他にもこの一連の動作が遅れてしまった場面を見てみましょう。

 

IMG_1985

IMG_1986

上段の写真のリン・ダン選手の構えとシンアングルを見ると、恐らく、ストレートロブを予測していたのだと思います。チョンウェイ選手は身体はストレートを向け、腕をうまくたたみ、面を作り、クロスロブを打ちました。

 

お二人とも世界のトップレベルですので、多少遅れても、そのカバーリングも早いのですが、下段の写真のように、左足のシンアングルの作りが遅れています。

 

この後、リン・ダン選手は4ラリー後に、ポイントされてしまいますが、遡ってみると、この崩れから不利なラリーになってしまっています。

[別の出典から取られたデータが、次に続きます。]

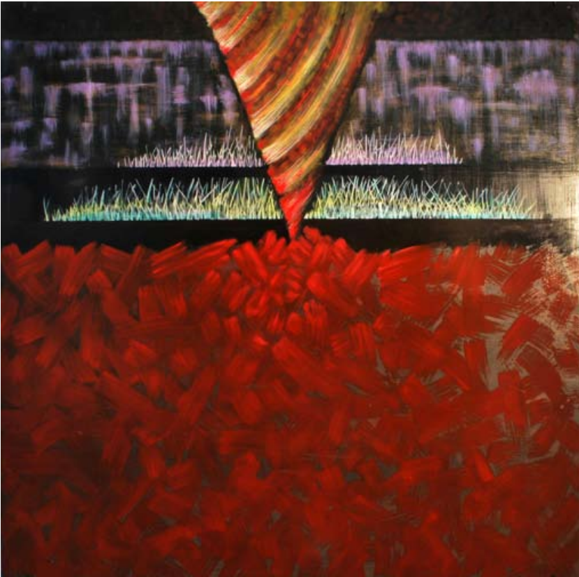
"Lecho ardiente" , óleo. Gustavo Gaggero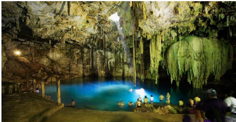
Slika 2.1.4. Podzemna spilja Sac Actun u Mexicu

Vode temeljnice nalaze se na većim dubinama, u vodosnim slojevima (slojevi propusnog materijala) koji se sastoje od kamenja, ilovače, lapora, gline ili smjese svega navedenog. Kreću se puno sporije od pukotinskih kraških voda, kroz vodonosni sloj, što omogućava biološko i mehaničko čišćenje. Postoje tri vrste voda temeljnica, a to su ljekovite, mineralne i arteške vode (Štrkalj, 2014).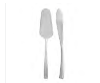
Future nóż i łopatka do ciasta w pudełku flok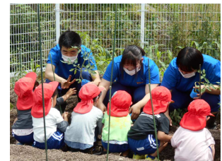
ちづ保育園との交流

農業技術を活用した福祉・保育に関する活動を通して、福祉マインドやコミュニケーション能力を高める学習をします。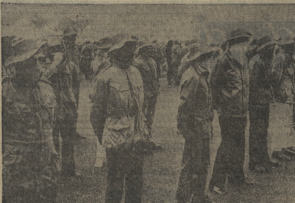
СЕВЕРНАЯ ИРЛАНДИЯ. Это они, протестантские ультра, нападают из-за угла, обстреливают в рабочих кварталах прохожих из машин, подвергают свои жертвы мучительным, зверским пыткам. В городах Ольстера по-прежнему находят трупы католиков, павших от рук неизвестных убийц. Многочисленные отряды убийц стараются запугать население католических кварталов, парализовать их готовность к сопротивлению.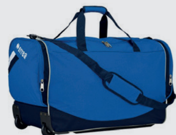
Sac à roulettes Errea

NB : Les équipements sont floqués avec le logo et les partenaires du club.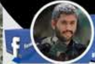
حسين عشيح حساب جديد

من اليمن، ومن ميادين الأحرار، ولن نقول إن صح التعبير، فقد صح وثبت أنها ميادين الرجال الأحرار والواقع يشهد، فما عليك إلا أن تفتح عينيك وتشاهد هذا الخروج المليونى المشرف الذي يرفع الرأس. حفظكم الله يا رجال الرجال، وأحرار وشرقاء الأمة، فوالله لن نكل ولن نمل في حضور الميادين الجهادية، ومع غزة حتى النصر.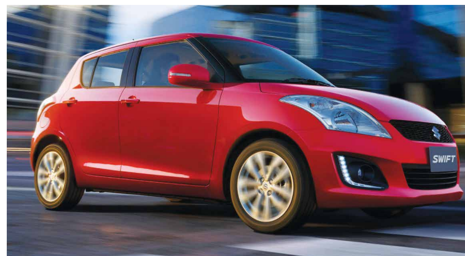
AL DÍA Las luces led de posición, los rines de nuevo diseño y los espejos con la luz de cruce son algunos de los detalles en el Swift 2014.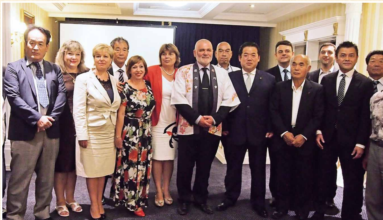
シリストラ市の皆さんと交流を深める桜川市シリストラ訪問団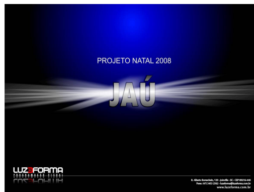
PROJETO NATAL 2008

Segundo os comerciantes os resultados superaram as expectativas, o que reforça a escolha do mês de julho como sendo ideal para a realização do próximo evento.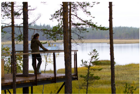
6.31 Bildnamn: 6.31_Svansjön_Hamra_ TomasArlemo_Lst_MG_3045 Motiv: Svansjön, Hamra OBS! Gratis t.o.m. 2021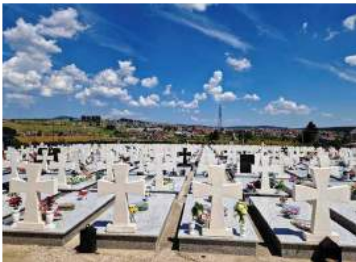
Сл. 17. Сїомен-їробље Нови Зеїинлик на Сокоцу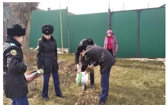
Фото 2. Помощь ветерану педагогического труда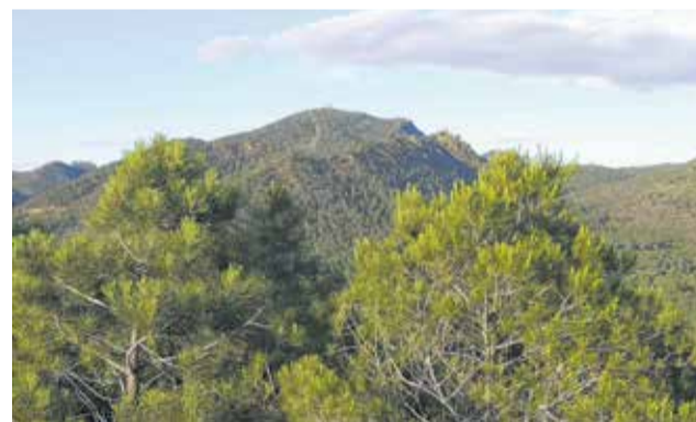
Muntanyes de Serra.

チョンウェイ選手も、少しのほころびを確実に仕留めるのは、さすがですね。

 

IMG_1939

これは、以前にも紹介した、リンダン選手のフェイントの効いたストレートネットに、チョンウェイ選手が体勢を崩されてしまった場面です。

 

シンアングルを見ると、フォア奥方向へ向いています。このあと、シャトルに追いつけず、ポイントとなってしまいます。

 

相手コートから自陣にシャトルが到達する時間は、クリアを除けば、ほとんどが1秒以内と言われています。

 

 

世界の一流選手であろうとも、この一連の動作が遅れたときは、シャトルに追いつけなかったり、不利な状況に追い込まれてしまいます。

 

そこは、筋力とかではなく、「一連の動作が洗練されているかどうか」となります。

 

筋力が貢献するのは、身体重心点を移動したい方向へ移し、シンアングルを作って初めて、脚筋力が移動に貢献をすることができます。

 

お伝えしたいことが多すぎて、なかなか前に進まない感もありますが、だんだん面白くなってくる予定です。

 

シンアングルを知っていると、相手の構えを見れば、どの方向へのシャトルを予想しているか、どの方向へ移動しにくい状態なのかが、わかります。

 

次回は、「シンアングル」から見る「構え」の考察をお伝えしたいと思います。また、右足と左足の役割を改めて考察してみようと思います。

 

本日も最後までお読み頂きましてありがとうございました。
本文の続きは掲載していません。